# Total Variation Distance

In probability theory, the total variation distance measures the difference between two probability distributions.

 Definition (total variation distance) Let ${\displaystyle p}$ and ${\displaystyle q}$ be two probability distributions over the same finite state space ${\displaystyle \Omega }$, the total variation distance between ${\displaystyle p}$ and ${\displaystyle q}$ is defined as ${\displaystyle \|p-q\|_{TV}={\frac {1}{2}}\sum _{x\in \Omega }|p(x)-q(x)|={\frac {1}{2}}\|p-q\|_{1}}$, where ${\displaystyle \|\cdot \|_{1}}$ is the ${\displaystyle \ell _{1}}$-norm of vectors.

It can be verified (left as an exercise) that

${\displaystyle \max _{A\subset \Omega }|p(A)-q(A)|={\frac {1}{2}}\sum _{x\in \Omega }|p(x)-q(x)|}$,

thus the total variation distance can be equivalently defined as

${\displaystyle \|p-q\|_{TV}=\max _{A\subset \Omega }|p(A)-q(A)|}$.

So the total variation distance between two distributions gives an upper bound on the difference between the probabilities of the same event according to the two distributions.

# Mixing Time

The mixing time of a Markov chain gives the rate at which a Markov chain converges to the stationary distribution.

 Definition (mixing time) Let ${\displaystyle \pi }$ be the stationary of the chain, and ${\displaystyle p_{x}^{(t)}}$ be the distribution after ${\displaystyle t}$ steps when the initial state is ${\displaystyle x}$. ${\displaystyle \Delta _{x}(t)=\|p_{x}^{(t)}-\pi \|_{TV}}$ is the distance to stationary distribution ${\displaystyle \pi }$ after ${\displaystyle t}$ steps, started at state ${\displaystyle x}$. ${\displaystyle \Delta (t)=\max _{x\in \Omega }\Delta _{x}(t)}$ is the maximum distance to stationary distribution ${\displaystyle \pi }$ after ${\displaystyle t}$ steps. ${\displaystyle \tau _{x}(\epsilon )=\min\{t\mid \Delta _{x}(t)\leq \epsilon \}}$ is the time until the total variation distance to the stationary distribution, started at the initial state ${\displaystyle x}$, reaches ${\displaystyle \epsilon }$. ${\displaystyle \tau (\epsilon )=\max _{x\in \Omega }\tau _{x}(\epsilon )}$ is the time until the total variation distance to the stationary distribution, started at the worst possible initial state, reaches ${\displaystyle \epsilon }$.
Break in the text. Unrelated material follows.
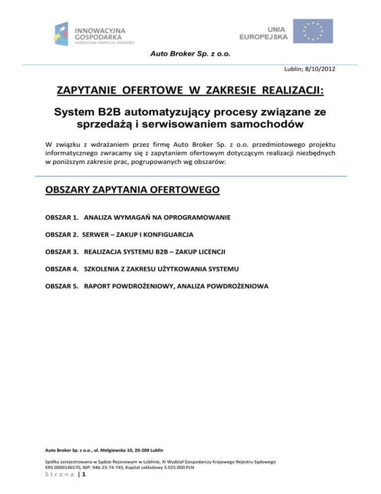 Auto Broker Sp. z o.o. Lublin; 8/10/2012 ZAPYTANIE OFERTOWE W ZAKRESIE REALIZACJI: System B2B automatyzujący procesy związane ze sprzedażą i serwisowaniem samochodów W związku z wdrażaniem przez firmę Auto Broker Sp. z o.o. przedmiotowego projektu informatycznego zwracamy się z zapytaniem ofertowym dotyczącym realizacji niezbędnych w poniższym zakresie prac, pogrupowanych wg obszarów: OBSZARY ZAPYTANIA OFERTOWEGO OBSZAR 1. ANALIZA WYMAGAŃ NA OPROGRAMOWANIE OBSZAR 2. SERWER – ZAKUP I KONFIGUARCJA OBSZAR 3. REALIZACJA SYSTEMU B2B – ZAKUP LICENCJI OBSZAR 4. SZKOLENIA Z ZAKRESU UŻYTKOWANIA SYSTEMU OBSZAR 5. RAPORT POWDROŻENIOWY, ANALIZA POWDROŻENIOWA Auto Broker Sp. z o.o., ul. Mełgiewska 10, 20-209 Lublin Spółka zarejestrowana w Sądzie Rejonowym w Lublinie, XI Wydział Gospodarczy Krajowego Rejestru Sądowego KRS 0000146570, NIP: 946-23-74-745, Kapitał zakładowy 3.025.000 PLN Strona |1 Auto Broker Sp. z o.o. ZAŁOŻENIA WYMOGÓW REALIZACJI POSZCZEGÓLNYCH OBSZARÓW OBSZAR 1. Analiza wymagań na oprogramowanie W ramach obszaru nr 1 zrealizowana zostanie następująca analiza, której skutkiem będzie określony cel. Analiza wymagań na oprogramowanie jest konieczna do tego, aby właściwie przygotowana została specyfikacja, a następnie na podstawie tych dokumentów wdrożone zostało oprogramowanie. W ramach tej analizy zostanie wykonany audyt oprogramowania, dokumentacji i sprzętu posiadanego przez firmę. Pozwoli to na określenie szczegółowych potrzeb w zakresie konfiguracji sprzętu i właściwe wykorzystanie planowanego do wdrożenia oprogramowania. Wykonanie tej analizy umożliwi także właściwie dobrać technologie informatyczne do rodzaju, poziomu bezpieczeństwa, wydajności i funkcjonalności planowanego do wdrożenia systemu. OBSZAR 2. Serwer - zakup i konfiguracja W ramach obszaru nr 2 zostanie zakupiony, a następnie skonfigurowany serwer. Minimalne wymagania serwera zostały określone w poniższej tabeli: Minimalne Wymagania Techniczne Procesor 4-rdzeniowy, prędkość procesora 2,4 GHz, Pamięć cache8 MB L3 Pamięć standardowa 4 GB Typ pamięci PC3-10600R (RDIMM) Wymagane oprogramowanie serwera Microsoft Windows Server 2008 R2 Standard PL OEM zakup licencji dostępowych dla 16 użytkowników Dodatkowo konieczna jest usługa wdrożenia i właściwej konfiguracji serwera dla potrzeb niezbędnych do prawidłowej pracy systemu B2B. Auto Broker Sp. z o.o., ul. Mełgiewska 10, 20-209 Lublin Spółka zarejestrowana w Sądzie Rejonowym w Lublinie, XI Wydział Gospodarczy Krajowego Rejestru Sądowego KRS 0000146570, NIP: 946-23-74-745, Kapitał zakładowy 3.025.000 PLN Strona |2 Auto Broker Sp. z o.o. OBSZAR 3. Realizacja systemu B2B – Zakup licencji Wdrożenie systemu B2B ma na celu automatyzację podstawowych procesów w firmie związanych z jej operacyjną działalnością. Zagadnienia te powinny zostać opisane na podstawie analizy przedwdrożeniowej, dokładnie określone i przełożone na język działania systemu, a następnie zaimplementowane. Założenia dotyczące automatyzacji procesów występujących w firmie Procesy związane ze sprzedażą samochodów Sprawdzenie cen Procesy związane ze sprzedażą części samochodowych Automatyzacja zamówień niskich stanów magazynowych Zamawianie części samochodowych w firmie partnerskiej Wsparcie obiegu dokumentów związanych ze sprzedażą części samochodowych Procesy związane ze sprzedażą i świadczeniem usług serwisowych Wycena zleceń serwisowych Obsługa zleceń serwisowych Wymagane jest posiadane własnych rozwiązań informatycznych klasy ERP, w których będzie możliwość automatyzowania w/w procesów i ich odpowiednie dostosowanie do charakteru bieżącej pracy Auto Broker. Założenia dotyczące skutków wdrożenia Realizacja projektu powinna przynieść następujące, wymierne korzyści biznesowe: skrócenie czasu i automatyzacja obsługi procesów: zakupu/ sprzedaży części samochodowych, zakupu/ sprzedaży samochodów, raportowania operacyjnego, zarządczego i importerskiego, weryfikacji płatności, generowania analiz rynkowych wprowadzenie wymiany elektronicznej dokumentów w oparciu standard równoważny z EDI, co pozwoli szybką wymianę informacji między oddziałami Wnioskodawcy a współpracującymi przedsiębiorstwami podgląd w trybie on-line stanów magazynowych części i pojazdów wyeliminowanie pomyłek i rozbieżności w ofertach cenowych wyeliminowanie pomyłek w procesie zamawiania części skrócenia czasu w procesie przygotowywania zamówień części i ich dostarczania skrócenia czasu w procesie przygotowywania zamówień samochodów skrócenia czasu rezerwacji samochodów znajdujących się w rozproszonych magazynach Wnioskodawcy i partnerów minimalizacja czasu poświęcanego na przygotowywanie raportów Auto Broker Sp. z o.o., ul. Mełgiewska 10, 20-209 Lublin Spółka zarejestrowana w Sądzie Rejonowym w Lublinie, XI Wydział Gospodarczy Krajowego Rejestru Sądowego KRS 0000146570, NIP: 946-23-74-745, Kapitał zakładowy 3.025.000 PLN Strona |3 Auto Broker Sp. z o.o. Założenia dotyczące stosowanej technologii Rozwiązanie informatyczne powinno być tak dobrane, aby cechowała je: możliwość jednoczesnej pracy wielu użytkowników, duża odporność na błędy, szybkość działania, wysoki poziom bezpieczeństwa, brak ograniczeń, w zakresie wynikającym z potrzeb firmy, odnośnie integracji innych systemów firmy oraz z systemami przedsiębiorców współpracujących. OBSZAR 4. Szkolenia z zakresu użytkowania systemu W tym obszarze planuje się szkolenia dla pracowników z zakresu funkcjonalności i obsługi zakupionego, dedykowanego oprogramowania. Szkolenie odbędzie się w siedzibie wnioskodawcy, wyłącznie dla pracowników wnioskodawcy, zostaną przeprowadzone specjalistyczne szkolenia z zakresu posługiwania się dedykowanym oprogramowaniem. Szkolenie zostanie przeprowadzone osobno dla pracowników poszczególnych działów i potr

We note that ${\displaystyle \Delta _{x}(t)}$ is monotonically non-increasing in ${\displaystyle t}$. So the definition of ${\displaystyle \tau _{x}(\epsilon )}$ makes sense, and is actually the inverse of ${\displaystyle \Delta _{x}(t)}$.

 Definition (mixing time) The mixing time ${\displaystyle \tau _{\mathrm {mix} }}$ of a Markov chain is ${\displaystyle \tau (1/2\mathrm {e} )}$.

The mixing time is the time until the total variation distance to the stationary distribution, starting from the worst possible initial state ${\displaystyle x\in \Omega }$, reaches ${\displaystyle {\frac {1}{2\mathrm {e} }}}$. The value ${\displaystyle {\frac {1}{2\mathrm {e} }}}$ is chosen just for the convenience of calculation. The next proposition says that ${\displaystyle \tau (\epsilon )}$ with general ${\displaystyle \epsilon }$ can be estimated from ${\displaystyle \tau _{\mathrm {mix} }}$.

 Proposition ${\displaystyle \Delta (k\cdot \tau _{\mathrm {mix} })\leq \mathrm {e} ^{-k}}$ for any integer ${\displaystyle k\geq 1}$. ${\displaystyle \tau (\epsilon )\leq \tau _{\mathrm {mix} }\cdot \left\lceil \ln {\frac {1}{\epsilon }}\right\rceil }$.

So the distance to stationary distribution ${\displaystyle \Delta (t)}$ decays exponentially in multiplications of ${\displaystyle \tau _{\mathrm {mix} }}$.

Both the formal proofs of the monotonicity of ${\displaystyle \Delta _{x}(t)}$ and the above proposition uses the coupling technique and is postponed to next section.